Using Custom BLAS/LAPACK for Pytorch C++ Frontend

talnish · August 3, 2020, 5:50pm

I am using Pytroch-C++ front-end on an AMD Threadripper machine.

I built libtorch by following the instructions listed here:
https://pytorch.org/cppdocs/installing.html

I want to use an optimized BLAS/LAPACK library for AMD platform (https://developer.amd.com/amd-aocl/blas-library/) and wondering how can I link it to build libtorch with this library.

copythatpasta · August 3, 2020, 7:03pm

Did you actually build pytorch from source? or just used the prebuilt libtorch? It should be as simple as having that amd-blas library within your main directory for libs, and running the build process. Pytorch will find the BLAS package as long as it is there in the main usr libs.

Follow the build process here to build from source

talnish · August 5, 2020, 4:40pm

Thanks for your answer.
I was able to make the build system detect BLIS (AMD-BLAS) installation based on the following message that it prints while building from source:

-- Checking for [blis]
--   Library blis: /usr/local/lib/libblis.so
-- Looking for sgemm_
-- Looking for sgemm_ - found
-- Performing Test BLAS_F2C_DOUBLE_WORKS
-- Performing Test BLAS_F2C_DOUBLE_WORKS - Failed
-- Performing Test BLAS_F2C_FLOAT_WORKS
-- Performing Test BLAS_F2C_FLOAT_WORKS - Success
-- Performing Test BLAS_USE_CBLAS_DOT
-- Performing Test BLAS_USE_CBLAS_DOT - Failed
-- Found a library with BLAS API (FLAME).

However, when I use the following command

>>> import torch 
>>> print(*torch.__config__.show().split("\n"), sep="\n")

it prints this:

PyTorch built with:
  - GCC 7.5
  - C++ Version: 201402
  - Intel(R) MKL-DNN v1.5.0 (Git Hash e2ac1fac44c5078ca927cb9b90e1b3066a0b2ed0)
  - OpenMP 201511 (a.k.a.

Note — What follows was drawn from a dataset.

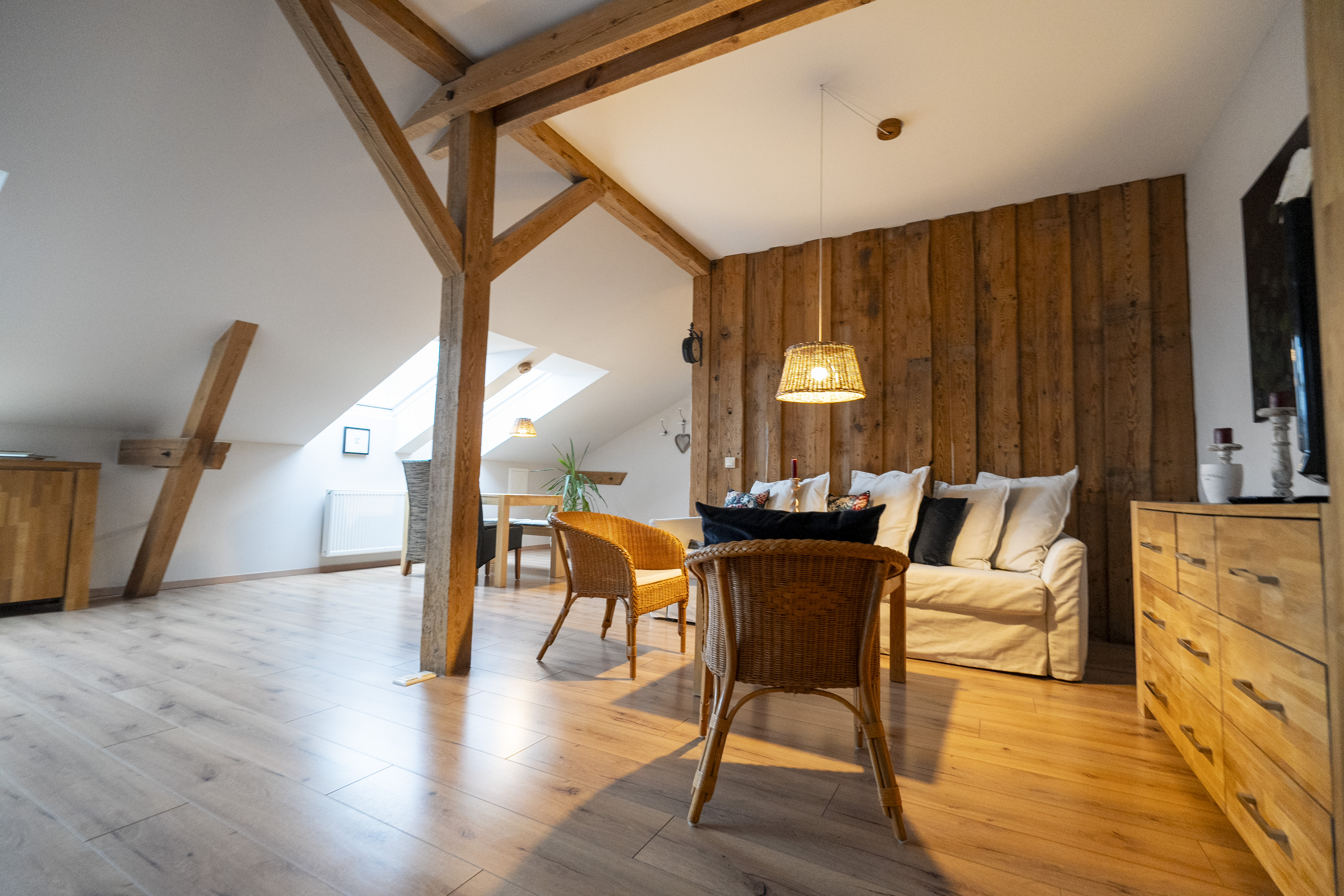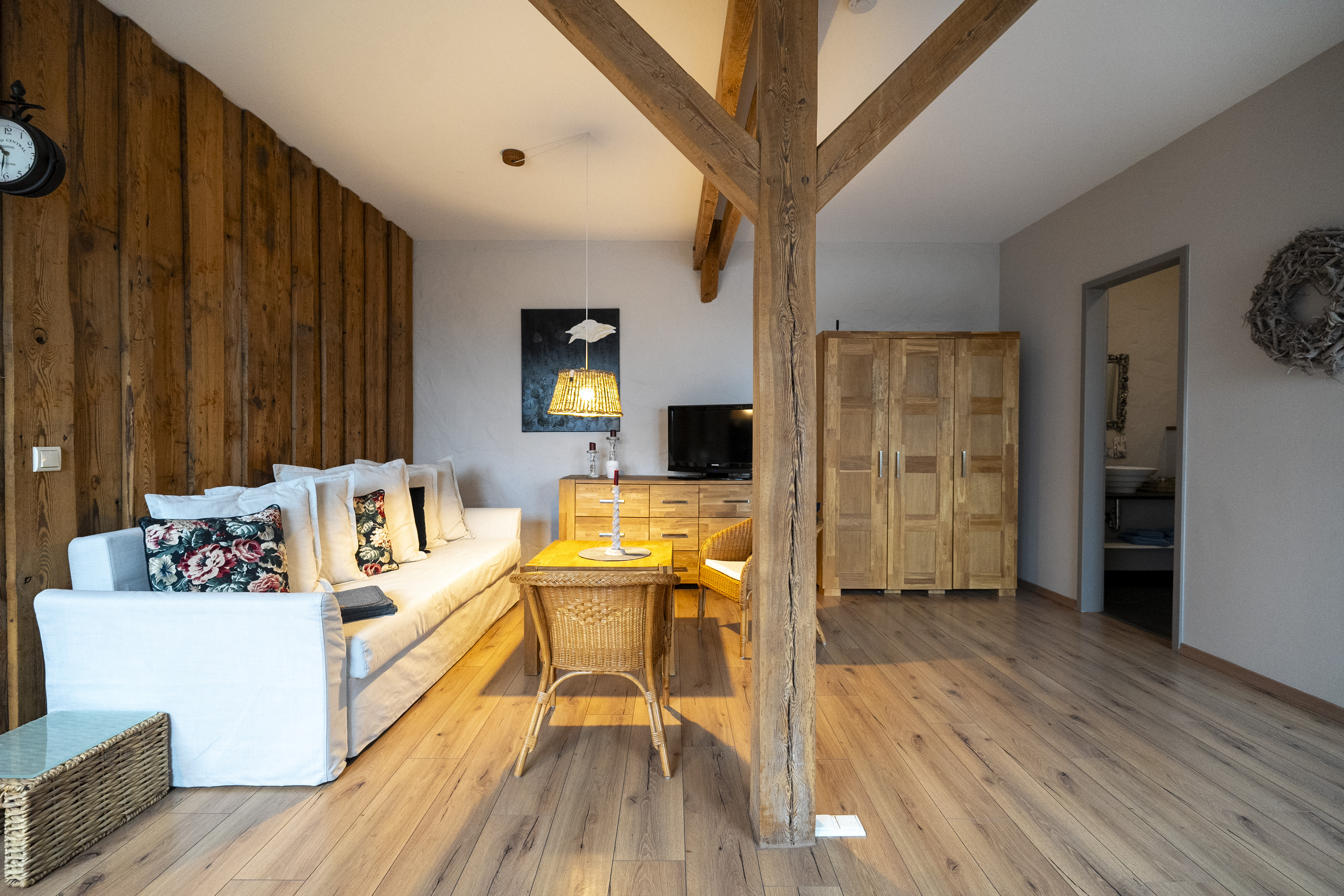 62 qm großes Apartment für bis 2 Personen mit Wohnbereich, Schlafbereich, Essbereich und abgetrennter Einbauküche.

OpenMP 4.5)
  - NNPACK is enabled
  - CPU capability usage: AVX2
  - Build settings: BLAS=MKL, BUILD_TYPE=Release, CXX_FLAGS= -Wno-deprecated -fvisibility-inlines-hidden -DUSE_PTHREADPOOL -fopenmp -DNDEBUG -DUSE_FBGEMM -DUSE_QNNPACK -DUSE_PYTORCH_QNNPACK -DUSE_XNNPACK -DUSE_VULKAN_WRAPPER -O2 -fPIC -Wno-narrowing -Wall -Wextra -Werror=return-type -Wno-missing-field-initializers -Wno-type-limits -Wno-array-bounds -Wno-unknown-pragmas -Wno-sign-compare -Wno-unused-parameter -Wno-unused-variable -Wno-unused-function -Wno-unused-result -Wno-unused-local-typedefs -Wno-strict-overflow -Wno-strict-aliasing -Wno-error=deprecated-declarations -Wno-stringop-overflow -Wno-psabi -Wno-error=pedantic -Wno-error=redundant-decls -Wno-error=old-style-cast -fdiagnostics-color=always -faligned-new -Wno-unused-but-set-variable -Wno-maybe-uninitialized -fno-math-errno -fno-trapping-math -Werror=format -Wno-stringop-overflow, PERF_WITH_AVX=1, PERF_WITH_AVX2=1, PERF_WITH_AVX512=1, USE_CUDA=OFF, USE_EIGEN_FOR_BLAS=ON, USE_EXCEPTION_PTR=1, USE_GFLAGS=OFF, USE_GLOG=OFF, USE_MKL=OFF, USE_MKLDNN=ON, USE_MPI=OFF, USE_NCCL=OFF, USE_NNPACK=ON, USE_OPENMP=ON, USE_STATIC_DISPATCH=OFF,

I am not sure how to interpret this, it shows MKL-DNN, BLAS=MKL (I was hoping to see BLAS=FLAME), and USE_MKL=OFF.

Am I missing something here? I am not sure if it’s still using BLIS or MKL.